As the powerful computational capabilities of the GPU have been exposed, we have seen developer tools evolving that leverage these capabilities, including Microsoft’s DirectCompute APIs, nVidia’s CUDA Toolkit, and OpenCL.
DirectCompute is a Microsoft DirectX-specific API that provides a more flexible way for developers to access the computational capability of GPUs that support DirectX 10 and DirectX 11 with Windows Vista and Windows 7. Key features of DirectCompute’s compute shader include explicit thread dispatch, communication of data between threads, and a rich set of primitives for random access and streaming I/O operations. Programmers will need to use Visual Studio when writing code that uses DirectCompute APIs.

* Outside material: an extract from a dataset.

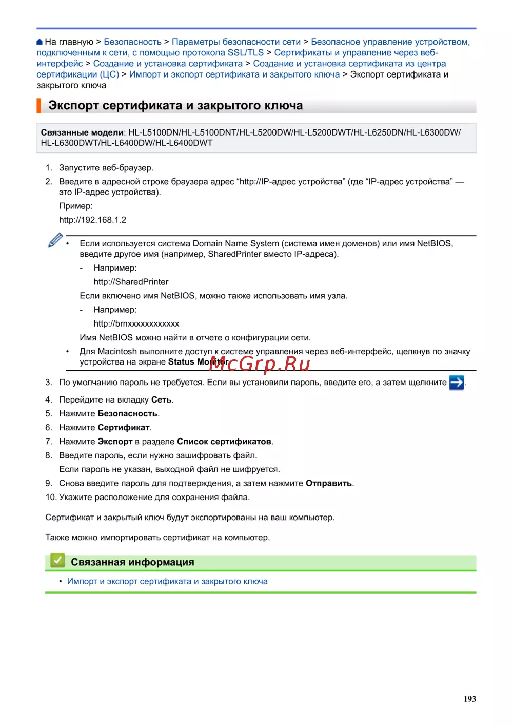 Brother HL-L6400DWT — экспорт и импорт сертификатов для безопасного управления устройствами [198/407]

CUDA gives developers access to the virtual instruction set and memory of the parallel computational elements in nVidia’s CUDA GPUs. It offers a set of tools, libraries and C language extensions that let developers have a more generalized and lower-level access to hardware than typical graphics libraries. Programmers use “C for CUDA” (C with NVIDIA extensions), compiled through a PathScale Open64 C compiler, to code algorithms for execution on nVidia GPUs.
OpenCL is a framework for writing parallel programs that execute across heterogeneous platforms consisting of CPUs, GPUs and other processors. It uses task-based and data-based parallelism to give an application access to GPUs for non-graphical computing, and enables a programmer to write a base of code that can use both CPU and GPU capabilities. OpenCL includes a language (based on C99) for writing kernels, which are functions that execute on OpenCL devices, plus APIs that are used to define and then control the platforms.
However, simply introducing software tools doesn’t mean the shift to offloading code to the GPU for general computing tasks happens overnight. Platform and chip makers must be incredibly engaged with the software community to ensure the right drivers are available, code libraries are robust, and education is in place so that there is an understanding about how to work with new hardware and programming models.
What all of this adds up to is that the software applications we all know and love—and the ones that have yet to even be created—are about to get a lot better. When the CPU and GPU are utilized to their full capabilities, and then utilized in harmony, the pace of innovation starts to accelerate in an amazing way. But beware: It disrupts everything you thought you knew. Don’t worry, this is the fun part. Hope you agree.
Margaret Lewis is director of software product marketing for AMD.